**WHAT TO PRODUCE:** With pictures omitted, copy exactly every line from the one that contains "На етапі створення, виберіть" to the end of the listing below.

### MATERIAL PROVIDED ###

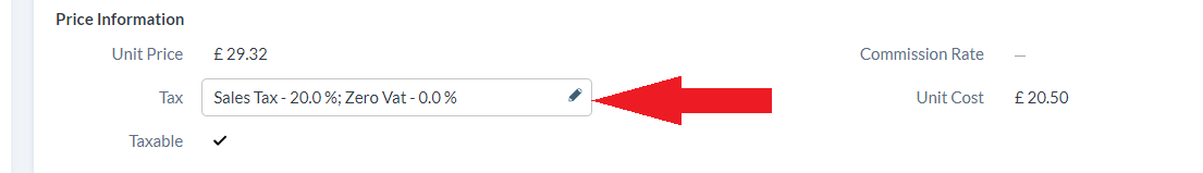 - Under Price Information, edit the field "Tax" (multi-select) and select both tax rates
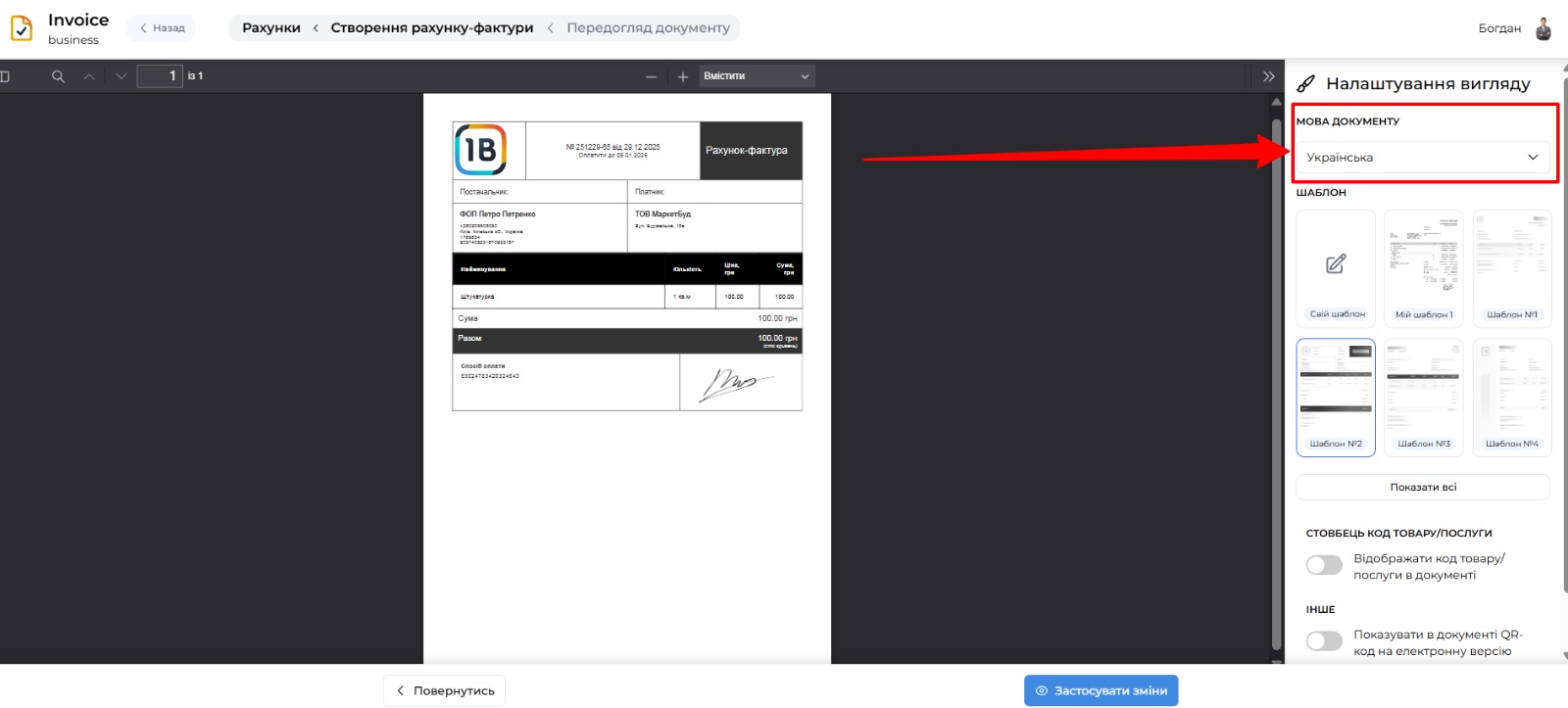 На етапі створення, виберіть потрібну мову для шаблону документу. Обрана мова автоматично перекладе лише назви полів, зберігаючи ваші дані незмінними.
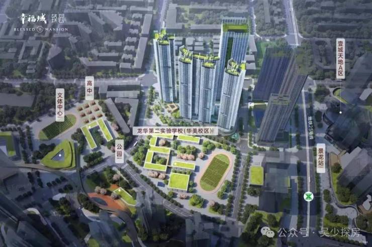 幸福城臻园一路之隔就是壹城中心商业MALL,4/25号线龙华站距离仅400米,未来楼盘200米内也有规划两所九年制公办学校,总高都是41-56层的超高层住宅。

###

**WORKED SOLUTION:**
 На етапі створення, виберіть потрібну мову для шаблону документу. Обрана мова автоматично перекладе лише назви полів, зберігаючи ваші дані незмінними.
 幸福城臻园一路之隔就是壹城中心商业MALL,4/25号线龙华站距离仅400米,未来楼盘200米内也有规划两所九年制公办学校,总高都是41-56层的超高层住宅。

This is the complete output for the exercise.